Published on December 3rd, 2019 | by Daniel Sherman Fernandez


Bosch and Daimler testing driverless taxis in America

The technology will soon be applied to all commercial vehicles which is quite scary.

Mercedes-Benz wants to release to the market taxis without drivers in the near future. Working with Bosch they are currently testing a robotized system for taxis which will later be expanded to commercial delivery vans and soon after freight trucks. 

The test fleet in America consists of 30 units of Mercedes S-Class sedans equipped with sensor arrays including long distance laser scanning LiDARs.

During this test period, there is always a driver behind the wheel of the 30 test cars and they take over control if there is any emergency only. Most of the time the driver sits and monitors the cars reaction to traffic and the surrounding elements as it happens. 

PRESS RELEASE: Bosch and Daimler are joining forces to advance the development of fully automated and driverless driving. The two companies have entered into a development agreement to bring fully automated (SAE Level 4) and driverless (SAE Level 5) driving to urban roads by the beginning of the next decade. 

The objective is to develop software and algorithms for an autonomous driving system. The project combines the total vehicle expertise of the world’s leading premium manufacturer with the system and hardware expertise of the world’s biggest supplier. The ensuing synergies should ensure the earliest possible series introduction of the secure technology.

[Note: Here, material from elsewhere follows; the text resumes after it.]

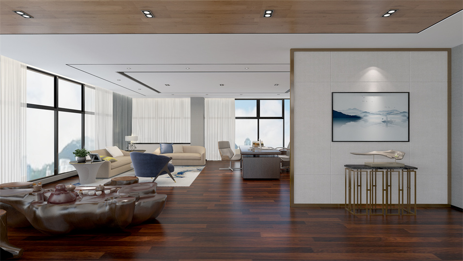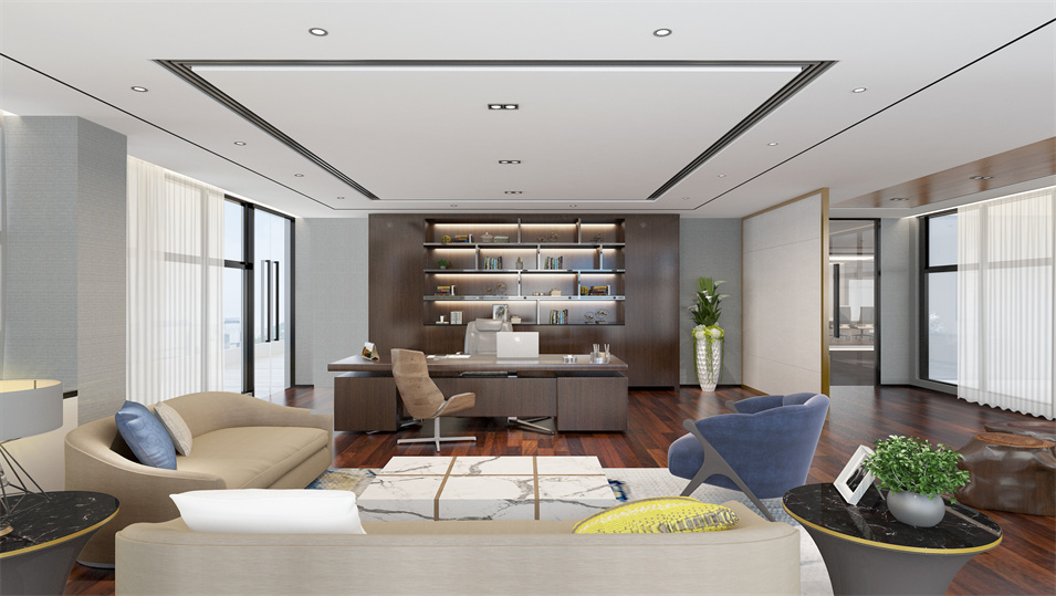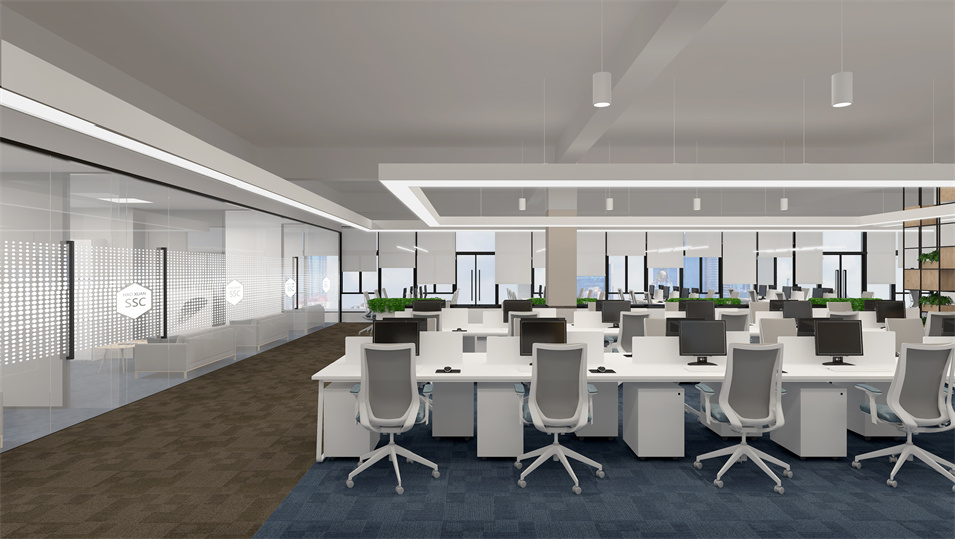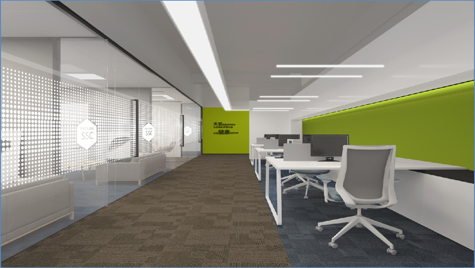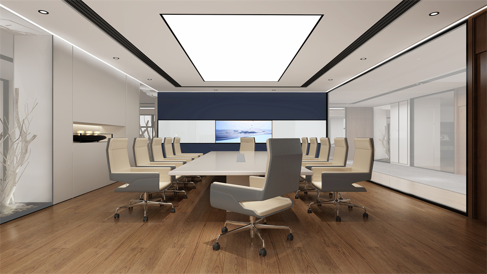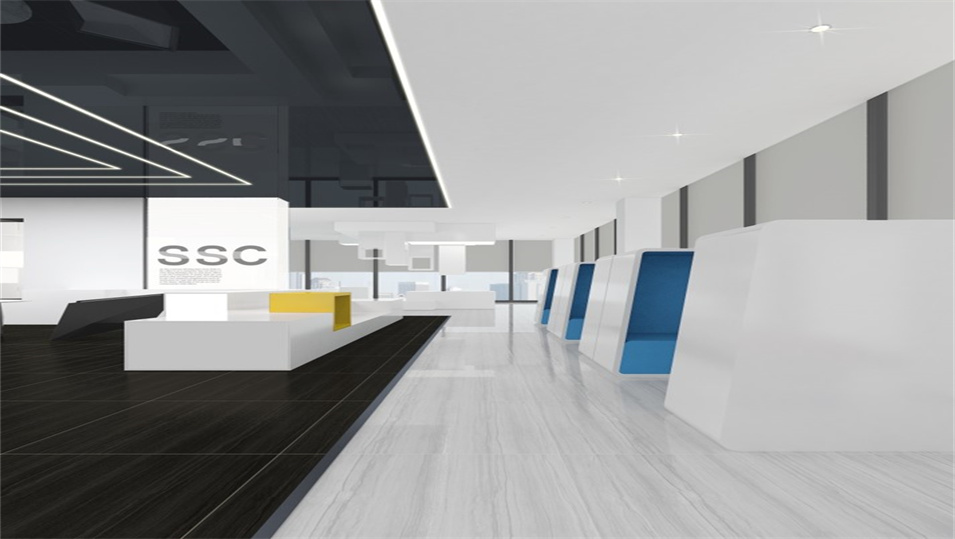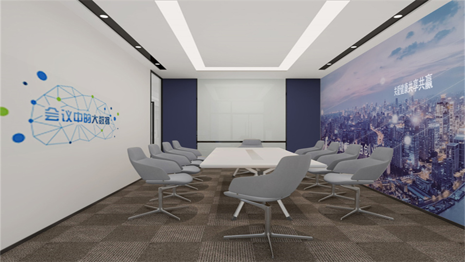 設(shè)計(jì)介紹:主要展示前臺、洽談區(qū)、走廊、貴賓區(qū)、會議室、辦公區(qū)等各個區(qū)域?qū)嵨飯D,設(shè)計(jì)師們采用現(xiàn)代簡約風(fēng)格辦公室設(shè)計(jì),主要以白色為主,藍(lán)色更符合智能化科技的公司形象,通過幾何圖形與條紋裝飾打造科技智能的辦公空間。

The car comes to the driver

By introducing fully automated and driverless driving to the urban environment, Bosch and Daimler aim to improve the flow of traffic in cities, enhance safety on the road and provide an important building block for the way traffic will work in the future. The technology will, among other things, boost the attraction of car sharing. It will allow people to make the best possible use of their time in the vehicle and open up new mobility opportunities for people without a driver’s licence, for example. 

The prime objective of the project is to achieve the production-ready development of a driving system which will allow cars to drive fully autonomously in the city. The idea behind it is that the vehicle should come to the driver rather than the other way round. Within a specified area of town, customers will be able to order an automated shared car via their smartphone. The vehicle will then make its way autonomously to the user and the onward journey can commence.